Question

If 

\[\int\frac{3x+1}{(x-1)(x-2)(x-3)}dx\]

 

\[= A \;log |x - 1| + B \;log |x - 2| + C\; log |x - 3| + C\]

, then the values of A, B and C are respectively.

• A. 5, -7, -5
• B. 2, -7, -5
• C. 5, -7, 5
• D. 2, -7, 5

Answer 1

The Correct Option is D

We are given \(\int \frac{3x+1}{(x-1)(x-2)(x-3)} dx = A \log |x-1| + B \log |x-2| + C \log |x-3| + C\), and we need to find the values of A, B, and C.

We can use partial fraction decomposition to express the integrand as:

\(\frac{3x+1}{(x-1)(x-2)(x-3)} = \frac{A}{x-1} + \frac{B}{x-2} + \frac{C}{x-3}\)

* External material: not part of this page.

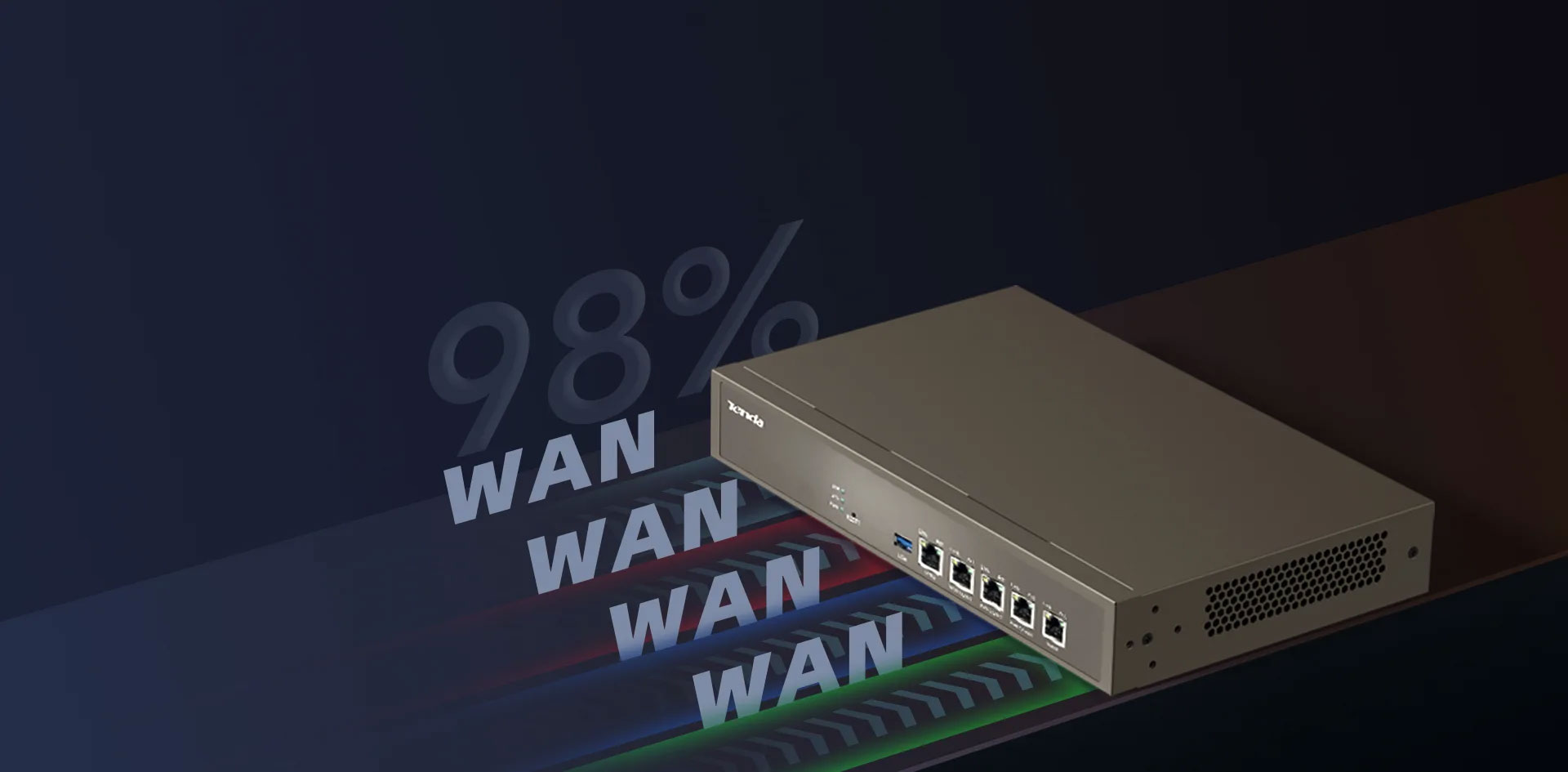 Hỗ trợ tối đa 4 cổng WAN, 4 đường băng thông rộng có thể kết nối đồng thời và thực hiện chồng băng thông. Hỗ trợ các chức năng lựa chọn đường dẫn thông minh, cân bằng lưu lượng tự động, cân bằng lưu lượng tùy chỉnh và nhiều chức năng khác. Tận dụng tối đa tài nguyên băng thông và thực hiện hiệu quả chồng băng thông trên 98%.

Multiplying both sides by \((x-1)(x-2)(x-3)\), we get:

\(3x+1 = A(x-2)(x-3) + B(x-1)(x-3) + C(x-1)(x-2)\)

To find A, set x = 1:

\(3(1)+1 = A(1-2)(1-3)\)

\(4 = A(-1)(-2)\)

\(4 = 2A\)

\(A = 2\)

To find B, set x = 2:

\(3(2)+1 = B(2-1)(2-3)\)

\(7 = B(1)(-1)\)

\(B = -7\)

To find C, set x = 3:

\(3(3)+1 = C(3-1)(3-2)\)

\(10 = C(2)(1)\)

\(C = 5\)

Thus, A = 2, B = -7, and C = 5.

Therefore, the correct option is (D) 2, -7, 5.

Answer 2

We have:

$$ \int \frac{3x+1}{(x-1)(x-2)(x-3)} dx = A \log|x-1| + B \log|x-2| + C \log|x-3| + C. $$

We can decompose the fraction into partial fractions:

$$ \frac{3x+1}{(x-1)(x-2)(x-3)} = \frac{A}{x-1} + \frac{B}{x-2} + \frac{C}{x-3}. $$

Multiply through by the denominator $ (x-1)(x-2)(x-3) $ to get:

$$ 3x+1 = A(x-2)(x-3) + B(x-1)(x-3) + C(x-1)(x-2). $$

To solve for $ A $, $ B $, and $ C $, substitute specific values of $ x $:

If $ x = 1 $:

$$ 3(1)+1 = A(1-2)(1-3) \implies 4 = A(-1)(-2) \implies 4 = 2A \implies A = 2. $$

If $ x = 2 $:

$$ 3(2)+1 = B(2-1)(2-3) \implies 7 = B(1)(-1) \implies B = -7. $$

If $ x = 3 $:

$$ 3(3)+1 = C(3-1)(3-2) \implies 10 = C(2)(1) \implies C = 5. $$

Thus, $ A = 2 $, $ B = -7 $, and $ C = 5 $.